With the current functionality within collection systems with Lenders – Journeys are very similar to each other. In other words, even if there are a variety of segments, the corresponding journeys are still the same, leading to no efficiency improvements.
The idea here is to categorise borrowers into mutually exclusive categories based on
- Behaviour
- Input or response
- Loan type and details
- Customer-level details
and apply specific strategies unique to each borrower segments’ pain points.
The effective use of technology in debt collections and recovery goes beyond the superficial adoption of AI. It starts with a deeply understanding borrowers, segmentation and the crafting of tailored journeys to address the unique circumstances. By focusing on empathy, communication, and personalised solutions – Lenders can figure out what they want to do and how they want to learn.

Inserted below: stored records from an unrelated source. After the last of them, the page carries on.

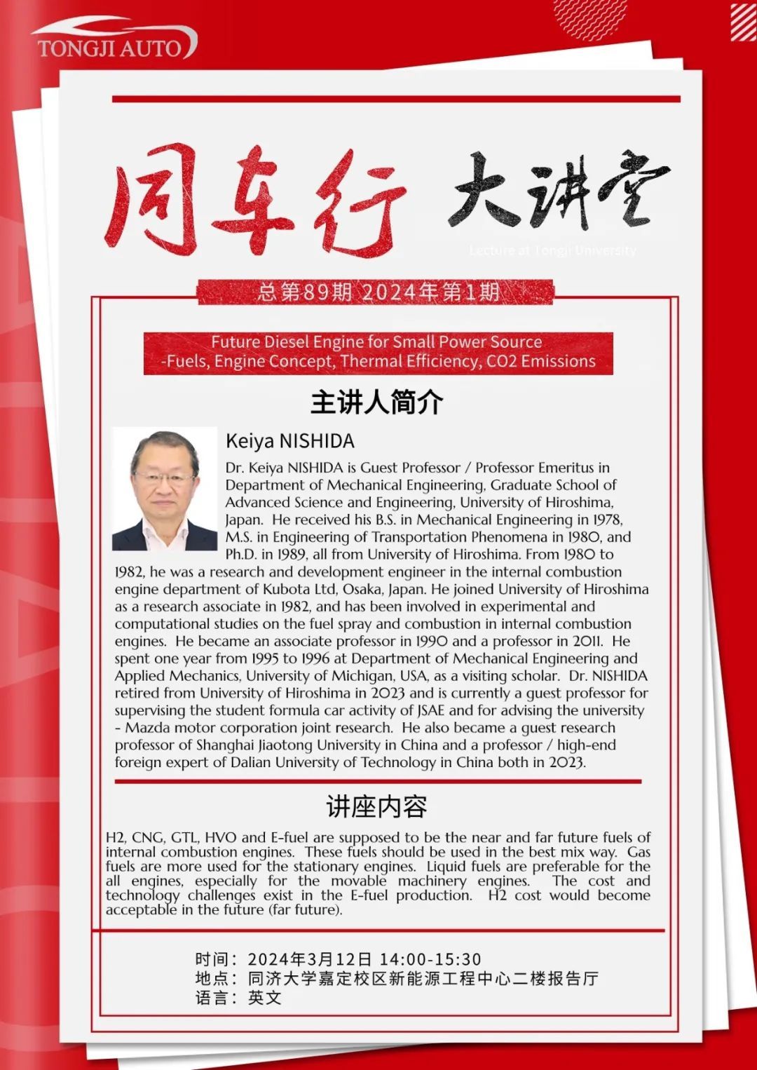 “同车行”大讲堂第八十九期|Future Diesel Engine for Small Power Source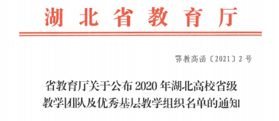 [通讯员 吴涛] 近日,湖北省教育厅发布《关于公布2020 年湖北高校省级教学团队及优秀基层教学组织名单的通知》(鄂教高函〔2021〕2号),williamhill英国官网获批7项,其中williamhill英国官网体育教育专业核心课程教学团队获批省级教学团队。近年来体育教育专业在负责人周红萍教授带领下,精诚团结,奋力拼搏,2020年获得省级一流本科专业建设点,2021年《公司体育学》课程获得省级一流本科课程,体育教育专业核心课程教学团队又获批省级教学团队。
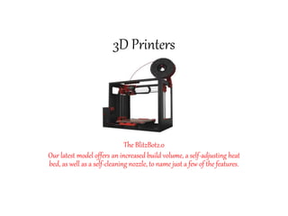 This document advertises 3D printing products and accessories, including the BlitzBot2.0 3D printer which has an increased build volume and self-adjusting heat bed. It also offers various 3D printing filaments and 3D pens, and provides a link to their website for more information.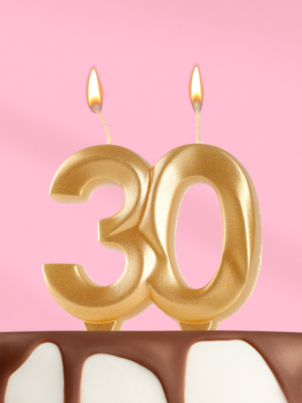7664831 Двойная свеча в торт "Цифра 30 лет" Цвет золотистый
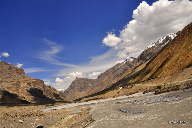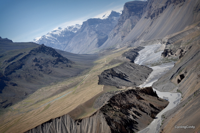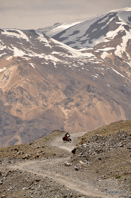Kunzam La pass is awaiting me. Not being acclimatized, being ‘hungry’ almost all of the time, I lack energy. I have never cycled over anything more than 2500 meter and now the last 400 meter of 4550 meter are to be done. The road is gradual, only in a few places steep. I am pushing the bicycle often. I am not enjoying really but the thought I have outdone myself almost double in altitude makes future cycling less demanding. I hear my companion scolding too: ‘Fuck, it’s even further’ or ‘forhelved‘ many a times.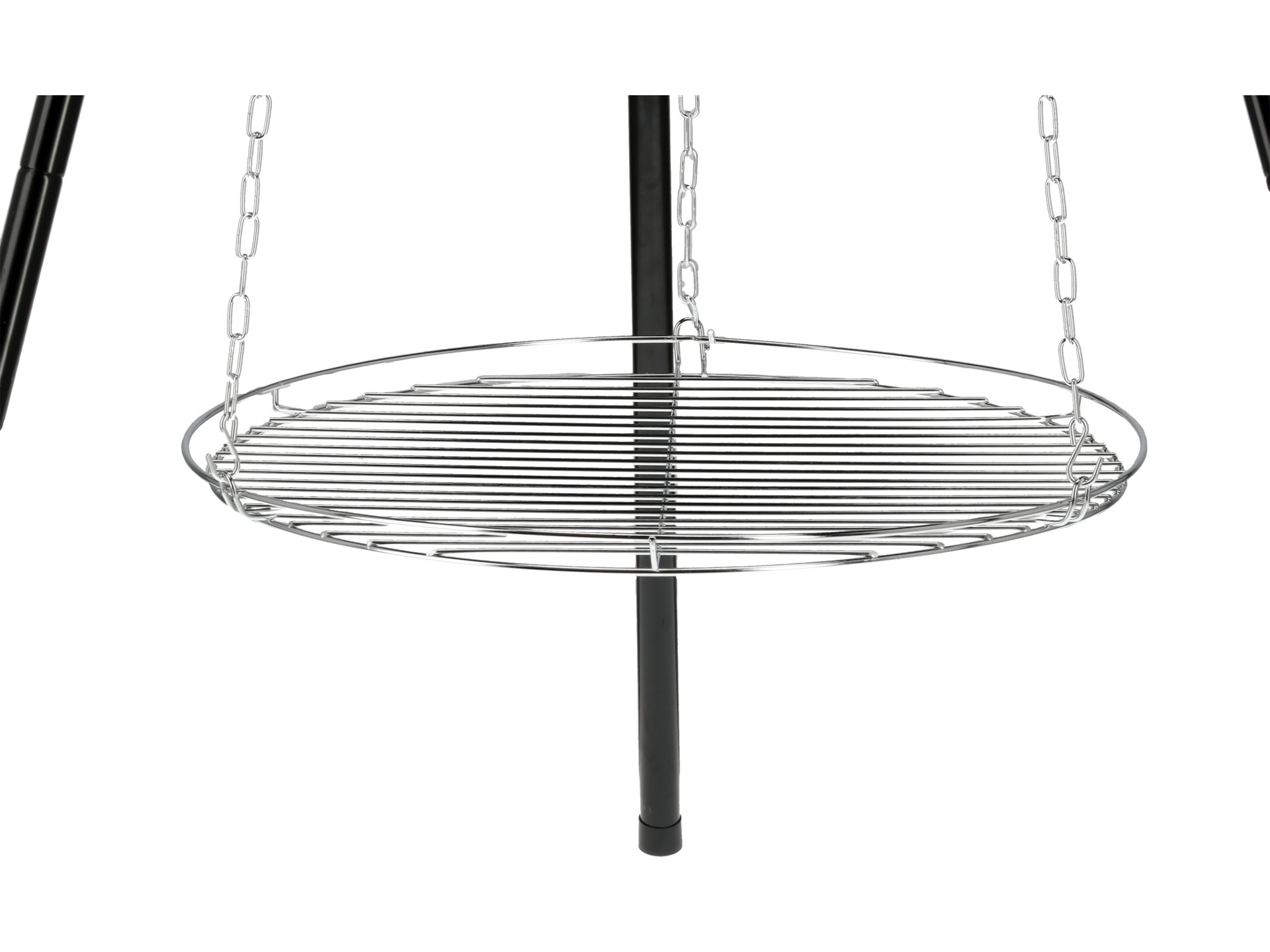 Zakres regulacji 0-97 cm pozwala dostosować odległość rusztu lub misy od źródła ciepła, co umożliwia kontrolę intensywności podgrzewania. Grube łańcuchy stalowe zapewniają bezpieczne zawieszenie nawet przy pełnym obciążeniu. Ruszt można zawiesić bezpośrednio na trójnogu lub na regulowanym łańcuchu w zależności od potrzeb.
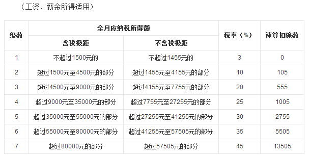 “工资、薪金所得”按月应纳税所得额计算征税。该税率按个人月工资、薪金应税所得额划分级距,最高一级为45%,最低一级为3%,共7级。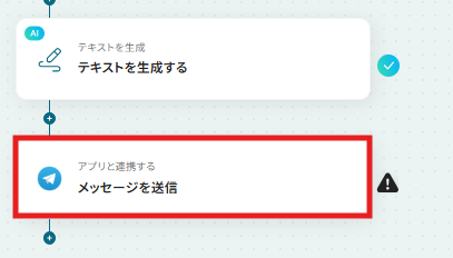 - 最後に、オペレーションでTelegramを選択し、「メッセージを送信」アクションを設定し、AIが生成したテキストを送信します。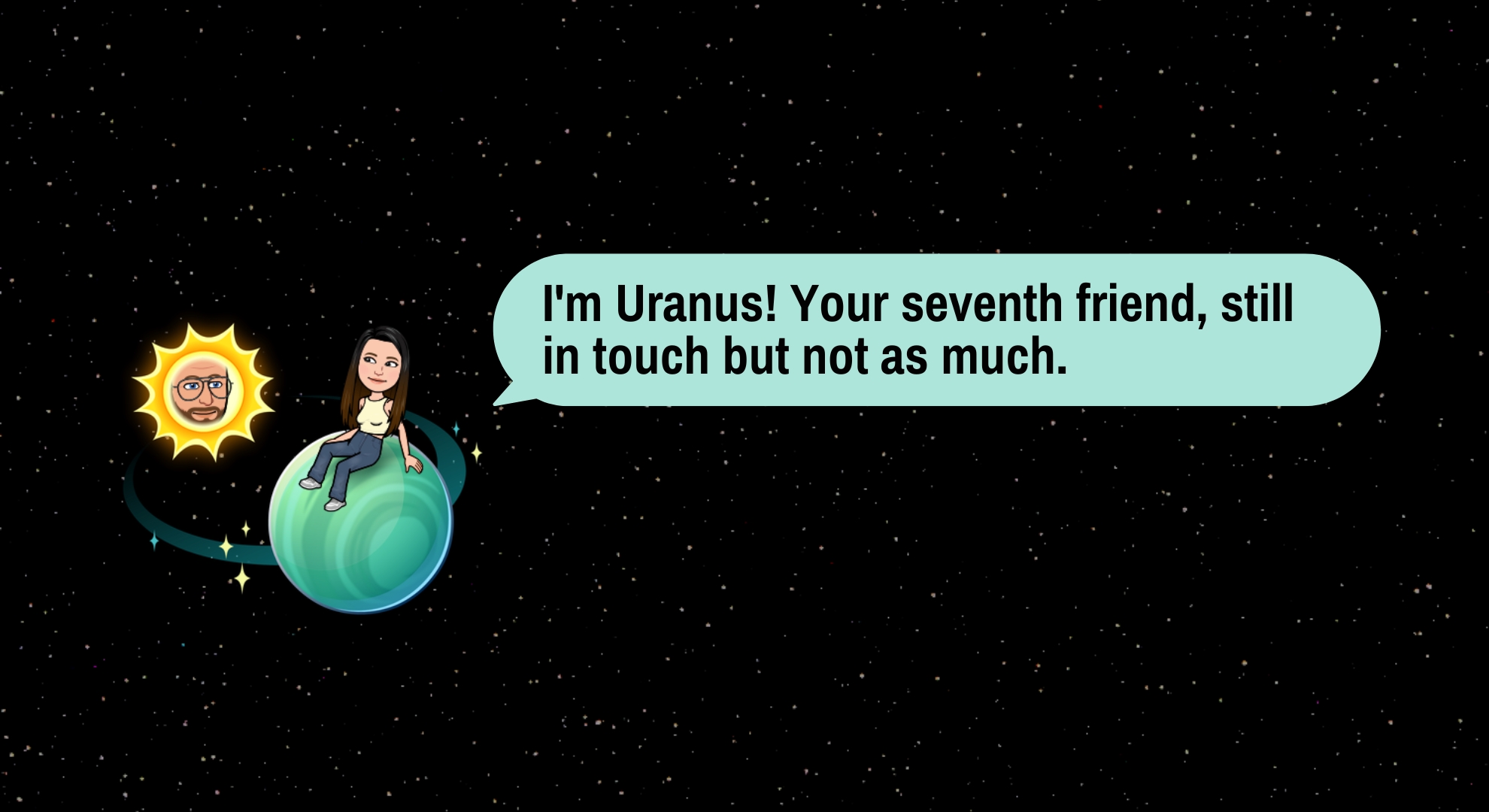 أورانوس يمثل صديقك السابع الأقرب ويظهر ككوكب أخضر اللون مع نجوم حوله. يشير هذا إلى تفاعل أبعد ولكنه لا يزال مهمًا ضمن دائرتك الاجتماعية، موضحًا أنك تشارك اللقطات والرسائل، ولكن ليس بنفس تكرار الكواكب الأقرب.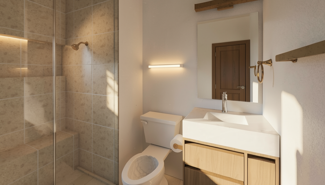 refine this one use same strategy run this view add niche and wall scone light no light at shower head this is good use this strategy render another view only one horizontal light in shower no scone light on wall sunny day outside window this is good use same strategy render this one no window it s a mirror no window reflection in mirror no scone above toilet no window it s a mirror show bathroom door in the mirror reflection no window in shower this is good no outdoor light sources warmer tone no outdoor light source no outdoor light sources no window no scone light above toilet no outdoor light source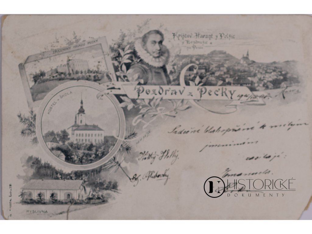 Zajímavá dopisnice s nápisem "Kryštof Harant z Polžic a Bezdružic, Pozdrav z Pečky" z roku 1895. Jedná se o dokument nadepsaný a opatřený razítkem, známka jest odlepena. Dopisnice nese jméno slavného českého renesančního šlechtice a cestovatele Kryštofa Haranta z Polžic a Bezdružic (1564-1621), autora slavného cestopisu do Svaté země a mučedníka popravy na Staroměstském náměstí. Dokument představuje zajímavou kombinaci historické osobnosti s městem Pečky. Jedná se o kuriosní filatelistický materiál připomínající významnou postavu českých dějin. Zajímavá památka pro sběratele českých dopisnic.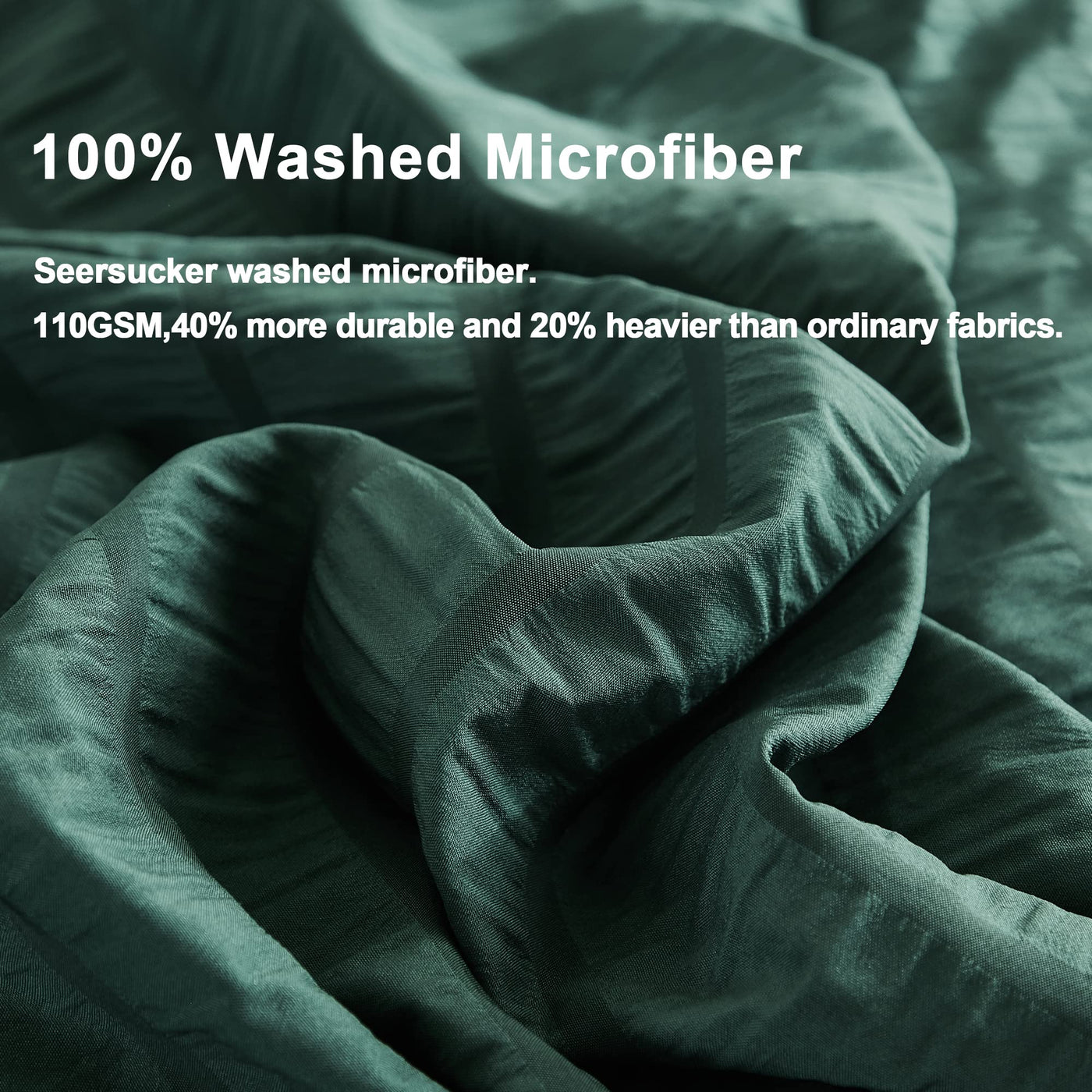 Avelom Dark Green Seersucker Duvet Cover Set King Size (104 X 90 Inches), 3 Pieces (1 Duvet Cover + 2 Pillow Cases), Ultra Soft Washed Microfiber, Textured Duvet Cover With Zipper Closure, Corner Ties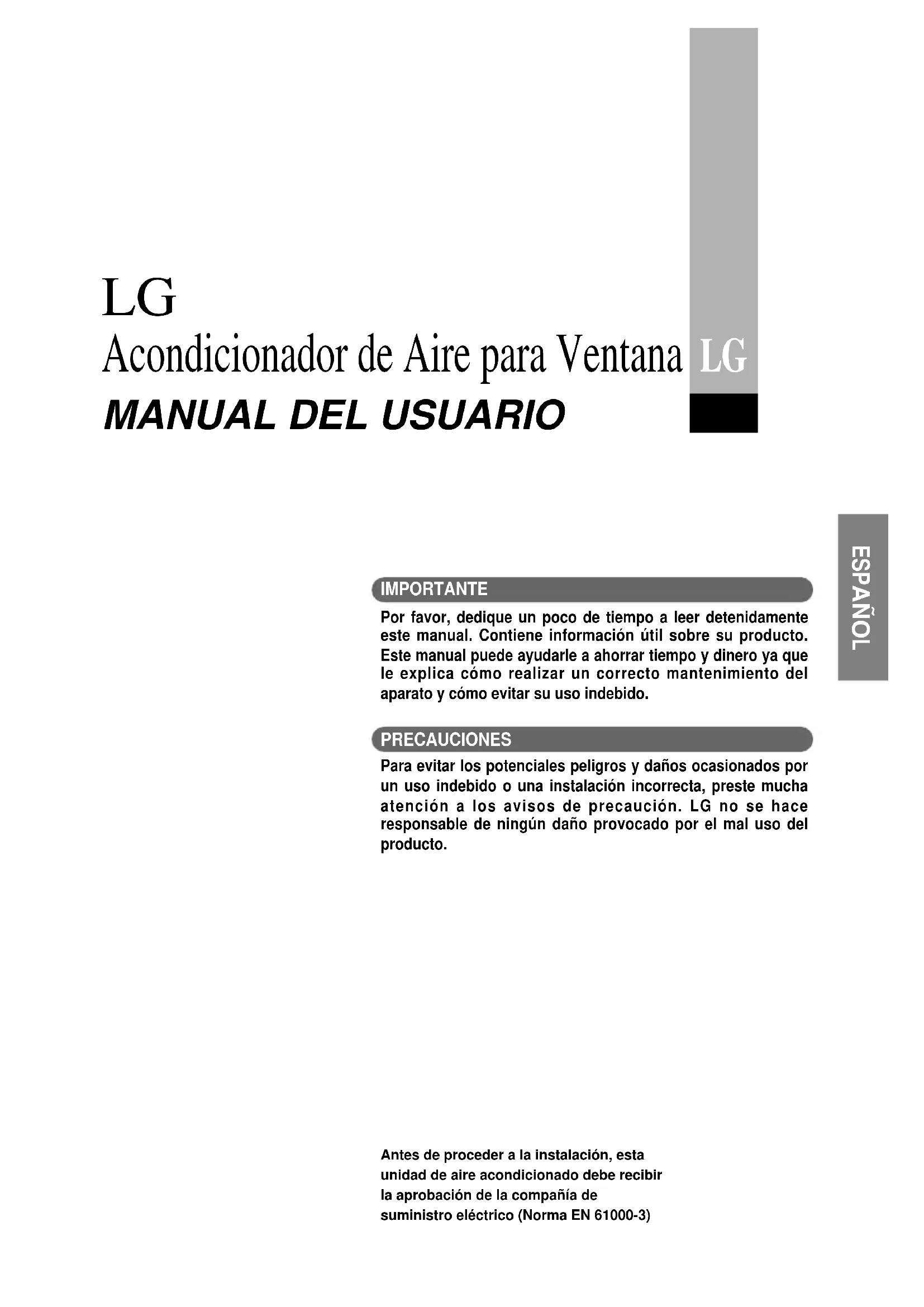 IMPORTANTE Por favor, dedique un poco de tiempo a leer detenidamenteeste manual. Contiene información útil sobre su producto.Este manual puede ayudarle a ahorrar tiempo y dinero ya quele explica cómo realizar un correcto mantenimiento delaparato y cómo evitar su uso indebido. PRECAUCIONES Para evitar los potenciales peligros y daños ocasionados porun uso indebido o una instalación incorrecta, preste muchaatención a los avisos de precaución. LG no se haceresponsable de ningún daño provocado por el mal uso delproducto.Antes de proceder a la instalación, estaunidad de aire acondicionado debe recibirla aprobación de la compañía desuministro eléctrico (Norma EN 61000-3)P ara sus archivos L ea este manual PRECAUCIÓN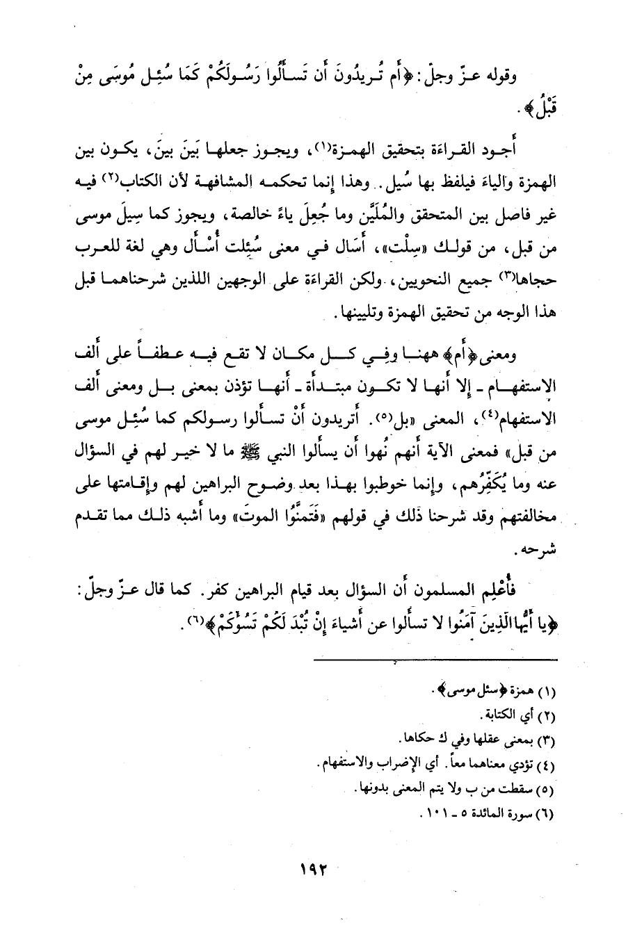 من قبل " فمعنى الآية أنهم نًهوا أن يسألوا النبي - صلى الله عليه وسلم - ما لا خير لهم في السؤال عنه وما يُكَفِّرهم، وإِنما خوطبوا بهذا بعد وضوح البراهين لهم وإقامتها على مخالفتهم وقد شرحنا ذلك في قوله

Today, AI doesn’t know what to do and how to do it. It’s nowhere near what we’re dreaming of. It can start with being a promising aid to improving Operational Efficiency, enhance monitoring, quality monitoring, asses collections risk, and a few more things. For now, it has to be trained, monitored, improved and trained again with human generated insights.
Tomorrow, the possibilities are as far as you can dream.